IAWF: For members of the International Association of Wildlife Filmmakers

Retired: For previous GTC members, now retired

Academic: For educational establishments teaching appropriate courses

== Structure ==
The GTC is governed by a constitution that the GTC Council is bound to follow. "Council" as it is colloquially known is the ruling body of the GTC, consists of up to twenty members who are elected on a two yearly cycle using a democratic ballot amongst all eligible members. Some Council members are remunerated for their work as it is either time consuming or revenue generating. If there is a requirement for someone to be in Council but who was not elected by ballot then it is possible for them to be co-opted onto council to undertake the role required. Council can then remove that co-option as they see fit. Council members are required to attend a minimum number of council meetings or there are constitutional grounds for their removal.

Council meet either physically or via a video meeting every six to eight weeks and work to maintain the aims of the GTC and its membership. The officers and other roles within Council are voted for by Council members, usually immediately after the bi-annual election. The current Council (2020-2022) is led by Chair Graham Maunder, Vice Chair Kate Harvest and Secretary is Peter Rance. The next Council will be elected in June 2022.

== Publications ==
The GTC publishes six magazines every year, Zerb and GTC In Focus.

=== Zerb ===
Zerb is the title of the half yearly magazine published by the GTC, in print and electronically, and available to members and non members (via a subscription). It is currently edited by a team with Bill Shepherd as Commissioning Editor and Sarah Adams as Production Editor. Topics cover every aspect of camera work and celebrate the diverse nature of the work of the GTC membership and are generally written by working camera people. It is regarded by members and the industry as being a high quality, informative publication.

The name "Zerb" was chosen in 1973 and apparently "The hazy origins of its eccentric name may be hidden in the mists of time".

Zerb is kept in the main catalogue of the British Library.

=== GTC In Focus ===
GTC In Focus is a published four times a year on the same terms as Zerb, with the content being more news based. GTC In Focus is currently edited by Roger Richards and contains reports on GTC Workshops and events, features on recent productions, reviews of equipment and contributions from specialists in insurance, accountancy and mental health.

=== Zerb Mental Health Supplement ===
In 2018 the GTC produced a special publication, the Zerb Mental Health Supplement to promote mental health awareness and wellbeing among freelancers. The second edition was published in 2020 with a third edition planned for 2024.

== Training and education ==
=== Workshops ===
While the GTC do not undertake formal training they do provide workshops for members and non members covering areas such as emerging technologies in camerawork, lighting and first aid. They have also held GTC Round Table events, featuring input from industry professionals from all areas.

=== GTC Academy ===
As part of the GTC's educational remit they hold regular "Academy" days at universities across the UK. These serve to not only broaden the understanding of what the GTC does but also to enable attendees to listen and talk to established camera professionals.

== GTC Awards ==
The GTC Awards were held annually and comprised the Awards for Excellence (in camera work) and a range of other awards that promoted achievement relating to the art and craft of camerawork, including the GTC Dick Hibberd Award (formerly the TiCA or Television Cameraman's Award) and GTC Seal of Approval awarded for equipment that has made an outstanding contribution to the art and craft of the television camera professional.

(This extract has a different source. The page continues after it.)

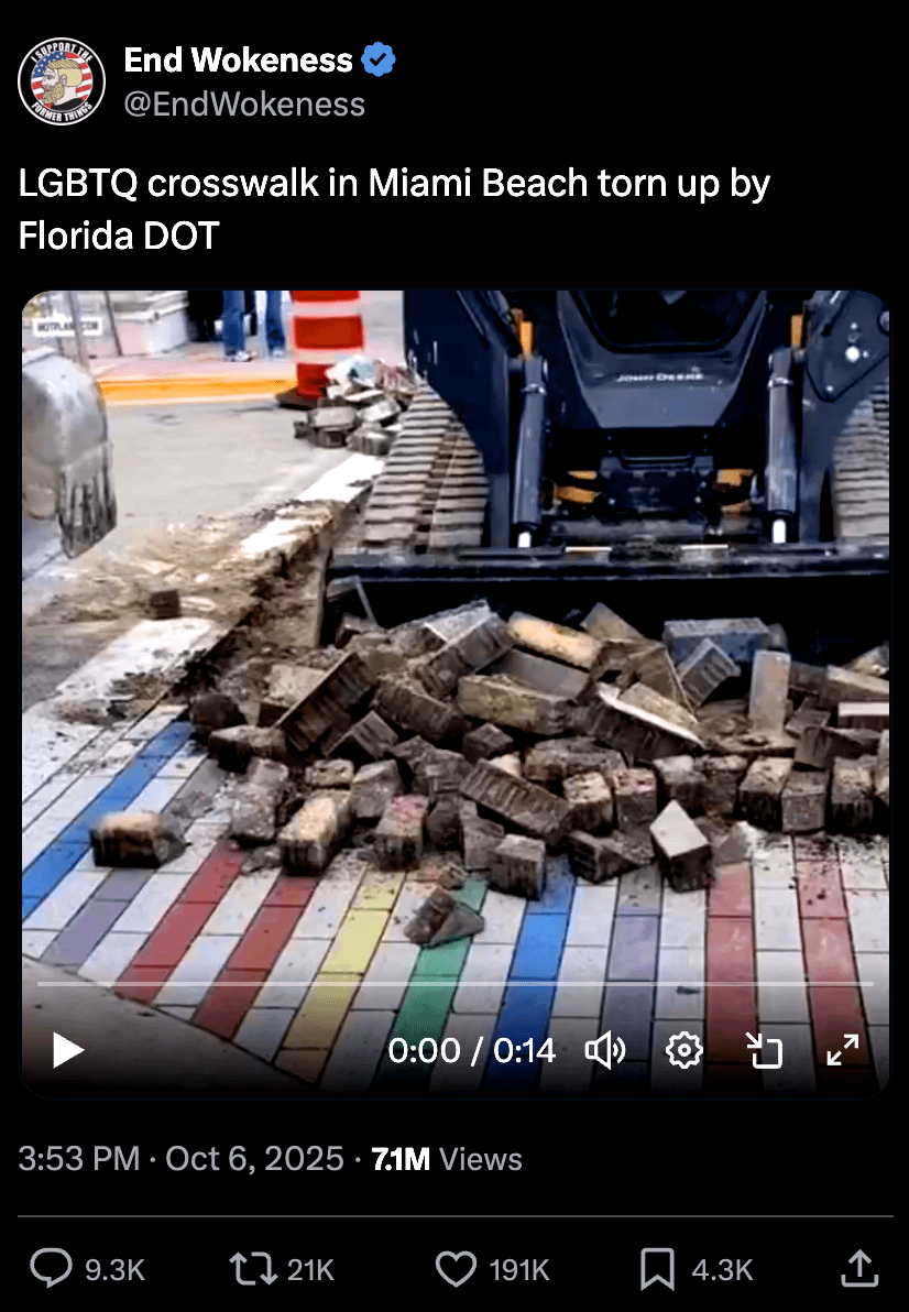 4. I realize Florida doesn’t have a state income tax, so where is the money coming from that is paying for this? DeSantis et al would rather waste money on destroying and redoing a perfectly good crosswalk instead of actually repairing streets that need it?

Nominations were made by members and encompassed work first transmitted, distributed or published online in the preceding twelve months.

Award winners did not have to be members or based in the UK. Among many winners was British documentary filmmaker and photographer Paul Berriff.

In 2023 it was decided that the Awards for Excellence would be paused for the foreseeable future. The Seal of Approval was renamed the GTC Innovation Award and two new categories of GTC President's Award and GTC Chair's Award would be presented alongside the GTC Dick Hibberd Award.